=== What is expected ===
Set down each line of the data below exactly as it stands, dropping the pictures.

=== Data extract ===

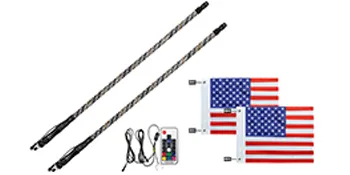Todo terreno se trata de mantener el control de su vehículo y equipo, no siempre es una tarea fácil. Aquí le ofrecemos 2 látigos LED en espiral de 4 pies de color RGB con función de cambio de color. Sin embargo, nuestros látigos LED son fáciles de controlar y personalizar con un cómodo control remoto. El diseño perfecto hace que su vehículo se vea único y creativo con estas banderas de dunas para camiones. Adecuado para todos los vehículos DC 12, como accesorios para vehículos de cuatro ruedas. Los látigos LED universales se pueden instalar en cualquier lugar, sin importar la marca y el modelo que conduzca, seguramente encontrará la posición perfecta para ello. Estos están fabricados con componentes de la mejor calidad que garantizan un tiempo agradable fuera de la carretera.
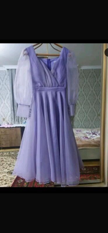 - Rənglər: zümrüd yaşıl və bənövşəyi (lavanda) - Model: A-kesim ətək, laylı və geniş axıcı formaya malik - Yaxa: V-yaxa, qatlansa efektli büst hissə - Qol: Şəffaf şifon, puff-stil uzun qollar; manjetli və dekorativ düyməli - Bel: Yığma bel xətti fiquru vurğulayır - Bağlanma: Arxa hissədə gizli kilid/bağlama - Material: Yüngül və dalğalı şifon, altlıqla - Uzunluq: Baldır ortasına qədər midi - Tətbiq sahəsi: məclis, nişan, məzuniyyət, toy qonağı, bayram və xüsusi günlər üçün uyğundur - Uyğun kombin: klassik topuqlar, zərif çanta və minimal zinət əşyaları ilə asan uyğunlaşır
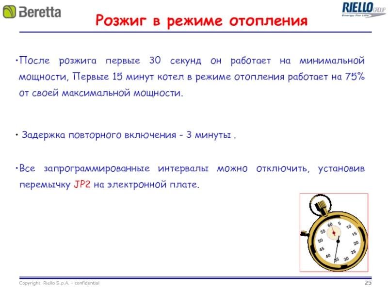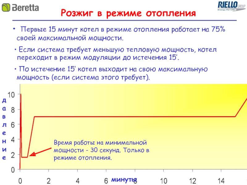 Первые 15 минут котел в режиме отопления работает на 75% своей максимальной мощности.
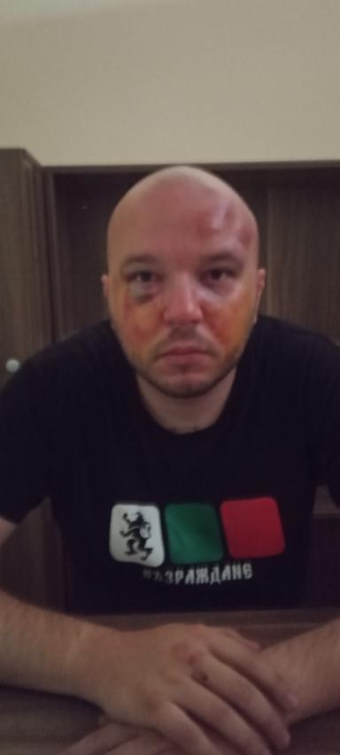Ритан е в главата, блъскан е с каски и щитове от група полицаи. Не само са нарушени гражданските му права, но и към момента полицията отказва да бъде медицински освидетелстван.
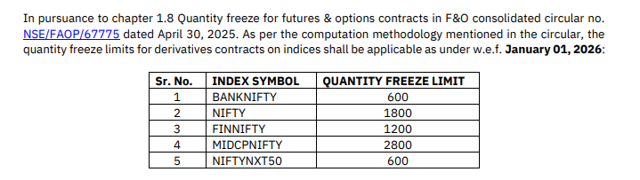 Has the freeze limit for nifty options contracts revised or is still 1800 ? The lot size has changed to 65 therefore the question
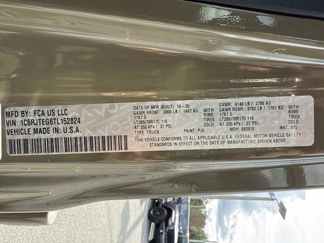 Price includes: $1000 - 2026 National Select Inventory Bonus Cash. Exp. 01/04/2027 Army Green 2026 Jeep Gladiator Mojave 4WD 8-Speed Automatic 3.6L V6 24V VVT Alpine Premium Audio System, Auto High Beam Headlamp Control, Auto-Dimming Rear-View Mirror, Blind Spot & Cross Path Detection, Bluetooth® Wireless Speaker, Body Color 3-Piece Hard Top, Body Color Rubicon Highline Flare, Freedom Panel Storage Bag, Full Length Floor Console Premium Armrest, Heated Front Seats, Heated Steering Wheel, Integrated Off-Road Camera, Integrated Voice Command w/Bluetooth®, Leather Trimmed Bucket Seats, Leather Wrapped Park Brake Handle, Leather Wrapped Shift Knob, Mojave Top Hood Decal, MOPAR Hardtop Headliner, ParkSense Rear Park Assist System, Power 4-Way Driver Lumbar Adjust, Power 4-Way Passenger Lumbar Adjust, Power Adjust 8-Way Driver Seat, Power Adjust 8-Way Front Passenger Seat, Premium Door Trim Panel, Quick Order Package 24A Mojave X, Radio: Uconnect 5 Nav w/12.3 Display, Rear Armrest w/Cupholder Seat, Rear Sliding Window, Rear Window Defroster, Steel Front Bumper, Steel Rear Bumper, Universal Garage Door Opener, USB Host Flip.
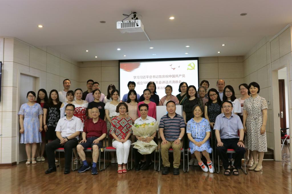党委邀请学院老院长、退休老党员姜治文教授到学院讲党课。外语专业教工党支部、行政教工党支部及部分教工支部支委共同听取姜治文教授题为“学习习近平总书记在庆祝中国共产党成立100周年大会讲话点滴体会”的专题报告,会议由小黄书
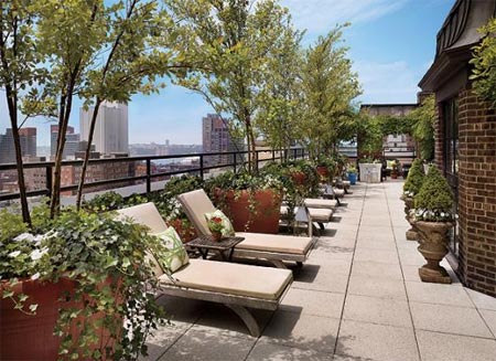 | Tại nhà hàng Sky Terrace ở New York, bạn có thể gọi một cốc nước chanh và ngồi nghỉ trên những chiếc ghế dài dưới tán cây xanh mát để ngắm nghìn con sông Hudson |
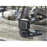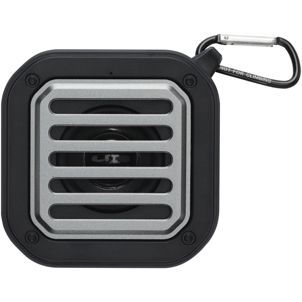 Solo IPX5 3W solar Bluetooth® højttaler i RCS genvundet plast med karabinhage Kontakt os for pris Firmalogo kan tilføjes på dette produkt Boost din musik med denne RCS genbrugte robuste solcelle 3W Bluetooth®-højttaler med lommelygte! Den afspiller musik, podcasts osv. fra enhver Bluetooth® aktiveret enhed, hvilket gør den til en ideel rejseledsager. Højttaleren har indbygget musikstyring og en mikrofon til telefonopkald, mens du er på farten, samt en praktisk lommelygte. Med den medfølgende karabinhage kan den nemt fastgøres til eksempelvis en rygsæk, og med IPX5 klassificeringen er højttaleren beskyttet mod kraftig regn. Takket være dets 400 mAh Li-ion batteri kan du nyde op til 3-4 timers musik ved maksimal lydstyrke. Opladningstiden er 2 timer med kabel og cirka 6 timer med solpanel (afhængig af sollysets lysstyrke/konsistens). Lommelygtens ydeevne er 10 timer, når højttalerfunktionen er slået fra. Bluetooth® 5.3 med en arbejdsrækkevidde på omtrent 10 meter. Leveres med en brugermanual og et 30 cm USB-A til Type-C opladningskabel og pakket i en 100 % genvundet kraftpapiræske. Farver Ensfarvet sort Søger du reklameartikler og profiltøj? Kontakt vores team i dag, og lad os hjælpe dig med den rigtige løsning til din virksomhed 70 260 760 Kontakt os 70 260 760 Kontakt os
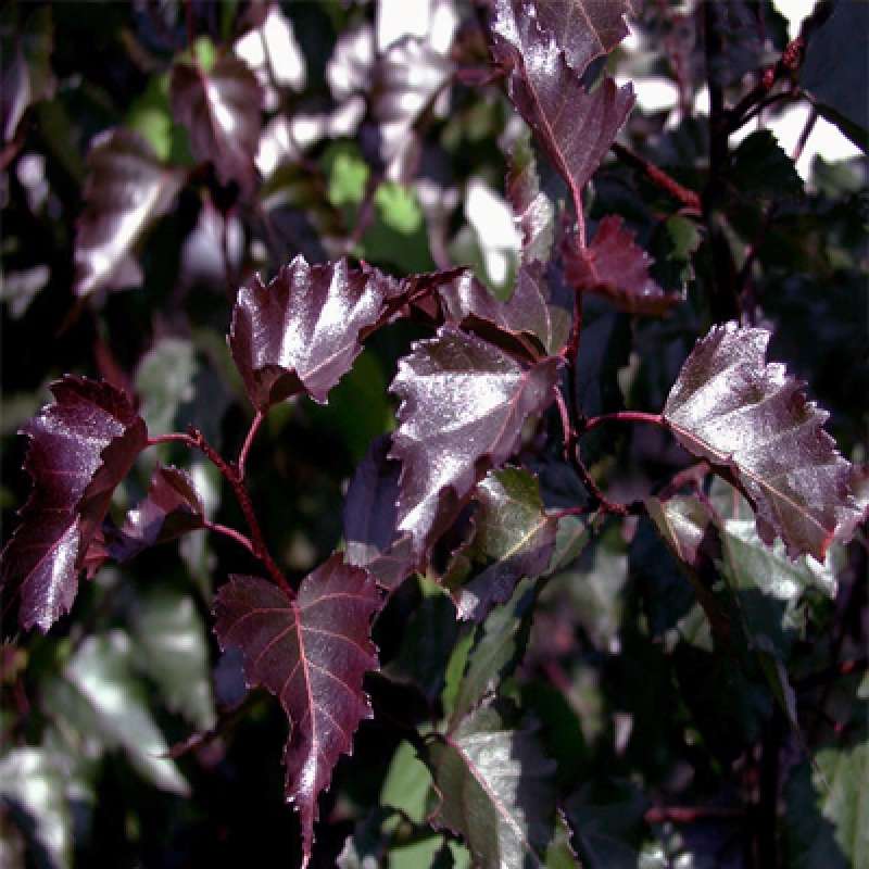 Красивое дерево высотой около 10 метров с ажурной кроной и красновато-коричневым стволом в молодости, с возрастом кора становится темно-серой или почти черной. Ветви тонкие, поникающие, темно-пурпурного цвета. Листья ромбические, плотные, пурпурные с зубчатым краем. Осенняя окраска бронзовая или светло-красная. Очень светолюбива. К плодородию и влажности почвы не требовательна, но предпочитает свежие суглинистые или супесчаные почвы. Засухоустойчива. Посадка на хорошо освещенных местах, в тени листья зеленеют. Для лучшего роста и развития, а также для более яркой окраски листьев рекомендуется посадка на плодородных почвах и подкормки удобрениями. Зимостойкость высокая, в отдельные суровые зимы возможно подмерзание однолетних побегов. Используется для одиночных и групповых посадок, для создания контрастных древесно-кустарниковых групп. Эффектна в группах с белокорыми березами
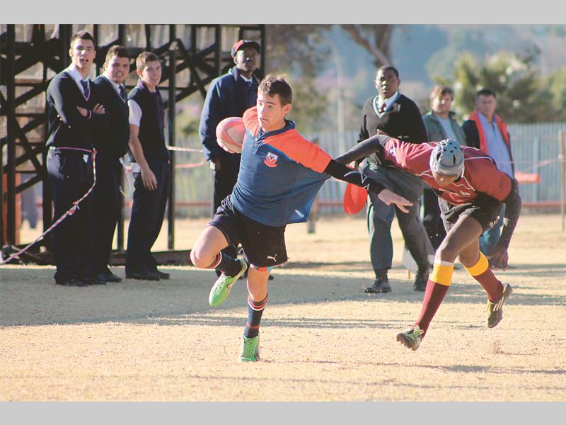 Henning Buitendag van Hoërskool Bekker, en senter van die B-hoërskolespan in aksie.
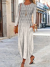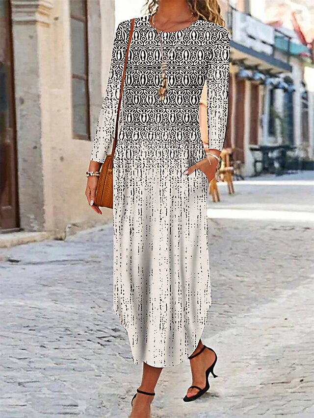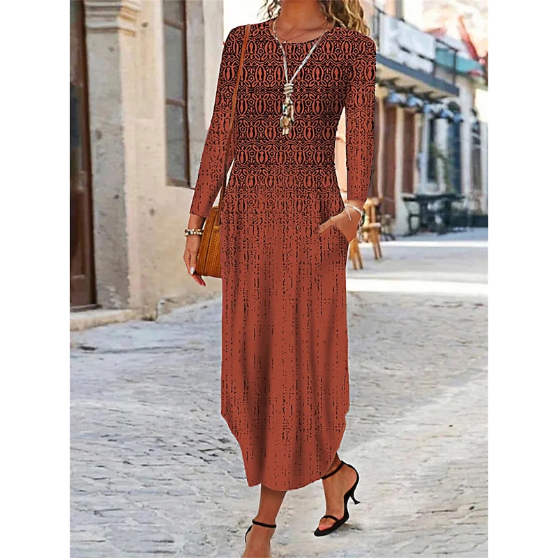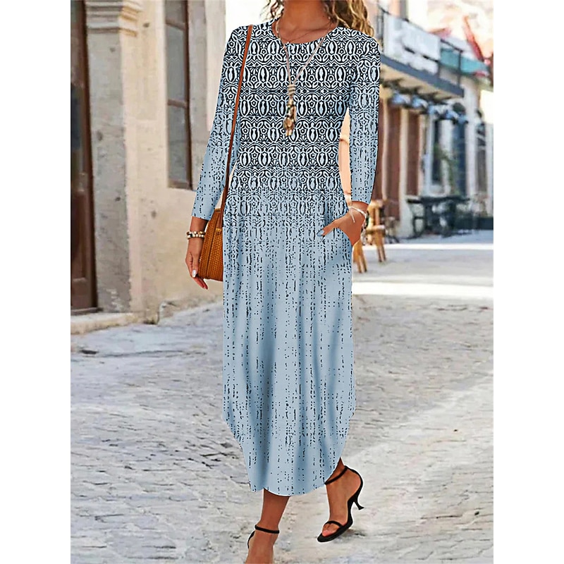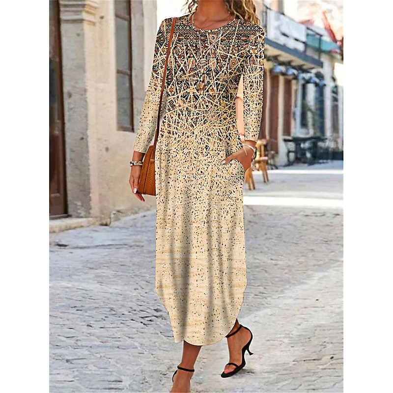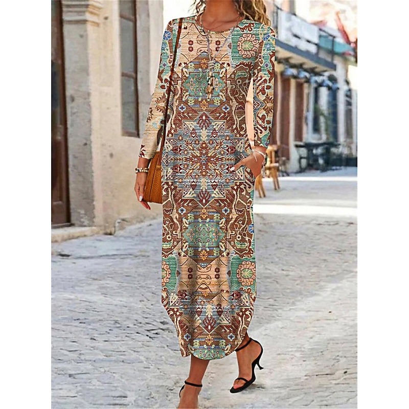 Highlights ```html [Fabric]: The dress is crafted from high-quality polyester, offering a soft and lightweight feel, with a touch of micro-elasticity for added comfort. The inclusion of Cotton Spandex Jersey ensures it maintains its structure while allowing for ease of movement. [Fit]: Featuring a regular fit with a flowing maxi length, this dress provides a relaxed silhouette that is both flattering and comfortable. Designed for versatility, it transitions seamlessly between casual daytime outings and semi-formal evening events. [Design Highlights]: This vintage-inspired dress is adorned with a captivating floral and tribal print that adds a touch of ethnic charm. The crew neck and long sleeves provide a sophisticated look, while practical pockets and a sophisticated split enhance its functional and fashionable appeal. [Occasions]: Perfect for vacations, daily wear, outdoor adventures, and weekend gatherings, this dress suits a variety of settings from relaxed weekend wear to elegant dinners. Pair it with a statement necklace and a chic handbag for an effortlessly stylish appearance. [Size Range]: Available in a range of sizes from S to XXL, this dress caters to a variety of body types, ensuring a comfortable fit for everyone. ``` Perfect for everyday use. top-grade materials and excellent craftsmanship ensure long-lasting durability.
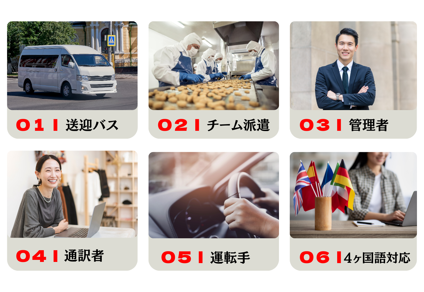 | 事業内容 | ◎労働者派遣事業 ◎業務請負事業 ◎人材紹介事業 ◎技能実習生受け入れ事業 ◎生前整理・遺品整理事業 |

=== Expected output ===
Todo terreno se trata de mantener el control de su vehículo y equipo, no siempre es una tarea fácil. Aquí le ofrecemos 2 látigos LED en espiral de 4 pies de color RGB con función de cambio de color. Sin embargo, nuestros látigos LED son fáciles de controlar y personalizar con un cómodo control remoto. El diseño perfecto hace que su vehículo se vea único y creativo con estas banderas de dunas para camiones. Adecuado para todos los vehículos DC 12, como accesorios para vehículos de cuatro ruedas. Los látigos LED universales se pueden instalar en cualquier lugar, sin importar la marca y el modelo que conduzca, seguramente encontrará la posición perfecta para ello. Estos están fabricados con componentes de la mejor calidad que garantizan un tiempo agradable fuera de la carretera.
 - Rənglər: zümrüd yaşıl və bənövşəyi (lavanda) - Model: A-kesim ətək, laylı və geniş axıcı formaya malik - Yaxa: V-yaxa, qatlansa efektli büst hissə - Qol: Şəffaf şifon, puff-stil uzun qollar; manjetli və dekorativ düyməli - Bel: Yığma bel xətti fiquru vurğulayır - Bağlanma: Arxa hissədə gizli kilid/bağlama - Material: Yüngül və dalğalı şifon, altlıqla - Uzunluq: Baldır ortasına qədər midi - Tətbiq sahəsi: məclis, nişan, məzuniyyət, toy qonağı, bayram və xüsusi günlər üçün uyğundur - Uyğun kombin: klassik topuqlar, zərif çanta və minimal zinət əşyaları ilə asan uyğunlaşır
 Первые 15 минут котел в режиме отопления работает на 75% своей максимальной мощности.
Ритан е в главата, блъскан е с каски и щитове от група полицаи. Не само са нарушени гражданските му права, но и към момента полицията отказва да бъде медицински освидетелстван.
 Has the freeze limit for nifty options contracts revised or is still 1800 ? The lot size has changed to 65 therefore the question
 Price includes: $1000 - 2026 National Select Inventory Bonus Cash. Exp. 01/04/2027 Army Green 2026 Jeep Gladiator Mojave 4WD 8-Speed Automatic 3.6L V6 24V VVT Alpine Premium Audio System, Auto High Beam Headlamp Control, Auto-Dimming Rear-View Mirror, Blind Spot & Cross Path Detection, Bluetooth® Wireless Speaker, Body Color 3-Piece Hard Top, Body Color Rubicon Highline Flare, Freedom Panel Storage Bag, Full Length Floor Console Premium Armrest, Heated Front Seats, Heated Steering Wheel, Integrated Off-Road Camera, Integrated Voice Command w/Bluetooth®, Leather Trimmed Bucket Seats, Leather Wrapped Park Brake Handle, Leather Wrapped Shift Knob, Mojave Top Hood Decal, MOPAR Hardtop Headliner, ParkSense Rear Park Assist System, Power 4-Way Driver Lumbar Adjust, Power 4-Way Passenger Lumbar Adjust, Power Adjust 8-Way Driver Seat, Power Adjust 8-Way Front Passenger Seat, Premium Door Trim Panel, Quick Order Package 24A Mojave X, Radio: Uconnect 5 Nav w/12.3 Display, Rear Armrest w/Cupholder Seat, Rear Sliding Window, Rear Window Defroster, Steel Front Bumper, Steel Rear Bumper, Universal Garage Door Opener, USB Host Flip.
党委邀请学院老院长、退休老党员姜治文教授到学院讲党课。外语专业教工党支部、行政教工党支部及部分教工支部支委共同听取姜治文教授题为“学习习近平总书记在庆祝中国共产党成立100周年大会讲话点滴体会”的专题报告,会议由小黄书
 | Tại nhà hàng Sky Terrace ở New York, bạn có thể gọi một cốc nước chanh và ngồi nghỉ trên những chiếc ghế dài dưới tán cây xanh mát để ngắm nghìn con sông Hudson |
 Solo IPX5 3W solar Bluetooth® højttaler i RCS genvundet plast med karabinhage Kontakt os for pris Firmalogo kan tilføjes på dette produkt Boost din musik med denne RCS genbrugte robuste solcelle 3W Bluetooth®-højttaler med lommelygte! Den afspiller musik, podcasts osv. fra enhver Bluetooth® aktiveret enhed, hvilket gør den til en ideel rejseledsager. Højttaleren har indbygget musikstyring og en mikrofon til telefonopkald, mens du er på farten, samt en praktisk lommelygte. Med den medfølgende karabinhage kan den nemt fastgøres til eksempelvis en rygsæk, og med IPX5 klassificeringen er højttaleren beskyttet mod kraftig regn. Takket være dets 400 mAh Li-ion batteri kan du nyde op til 3-4 timers musik ved maksimal lydstyrke. Opladningstiden er 2 timer med kabel og cirka 6 timer med solpanel (afhængig af sollysets lysstyrke/konsistens). Lommelygtens ydeevne er 10 timer, når højttalerfunktionen er slået fra. Bluetooth® 5.3 med en arbejdsrækkevidde på omtrent 10 meter. Leveres med en brugermanual og et 30 cm USB-A til Type-C opladningskabel og pakket i en 100 % genvundet kraftpapiræske. Farver Ensfarvet sort Søger du reklameartikler og profiltøj? Kontakt vores team i dag, og lad os hjælpe dig med den rigtige løsning til din virksomhed 70 260 760 Kontakt os 70 260 760 Kontakt os
 Красивое дерево высотой около 10 метров с ажурной кроной и красновато-коричневым стволом в молодости, с возрастом кора становится темно-серой или почти черной. Ветви тонкие, поникающие, темно-пурпурного цвета. Листья ромбические, плотные, пурпурные с зубчатым краем. Осенняя окраска бронзовая или светло-красная. Очень светолюбива. К плодородию и влажности почвы не требовательна, но предпочитает свежие суглинистые или супесчаные почвы. Засухоустойчива. Посадка на хорошо освещенных местах, в тени листья зеленеют. Для лучшего роста и развития, а также для более яркой окраски листьев рекомендуется посадка на плодородных почвах и подкормки удобрениями. Зимостойкость высокая, в отдельные суровые зимы возможно подмерзание однолетних побегов. Используется для одиночных и групповых посадок, для создания контрастных древесно-кустарниковых групп. Эффектна в группах с белокорыми березами
 Henning Buitendag van Hoërskool Bekker, en senter van die B-hoërskolespan in aksie.
 Highlights ```html [Fabric]: The dress is crafted from high-quality polyester, offering a soft and lightweight feel, with a touch of micro-elasticity for added comfort. The inclusion of Cotton Spandex Jersey ensures it maintains its structure while allowing for ease of movement. [Fit]: Featuring a regular fit with a flowing maxi length, this dress provides a relaxed silhouette that is both flattering and comfortable. Designed for versatility, it transitions seamlessly between casual daytime outings and semi-formal evening events. [Design Highlights]: This vintage-inspired dress is adorned with a captivating floral and tribal print that adds a touch of ethnic charm. The crew neck and long sleeves provide a sophisticated look, while practical pockets and a sophisticated split enhance its functional and fashionable appeal. [Occasions]: Perfect for vacations, daily wear, outdoor adventures, and weekend gatherings, this dress suits a variety of settings from relaxed weekend wear to elegant dinners. Pair it with a statement necklace and a chic handbag for an effortlessly stylish appearance. [Size Range]: Available in a range of sizes from S to XXL, this dress caters to a variety of body types, ensuring a comfortable fit for everyone. ``` Perfect for everyday use. top-grade materials and excellent craftsmanship ensure long-lasting durability.
 | 事業内容 | ◎労働者派遣事業 ◎業務請負事業 ◎人材紹介事業 ◎技能実習生受け入れ事業 ◎生前整理・遺品整理事業 |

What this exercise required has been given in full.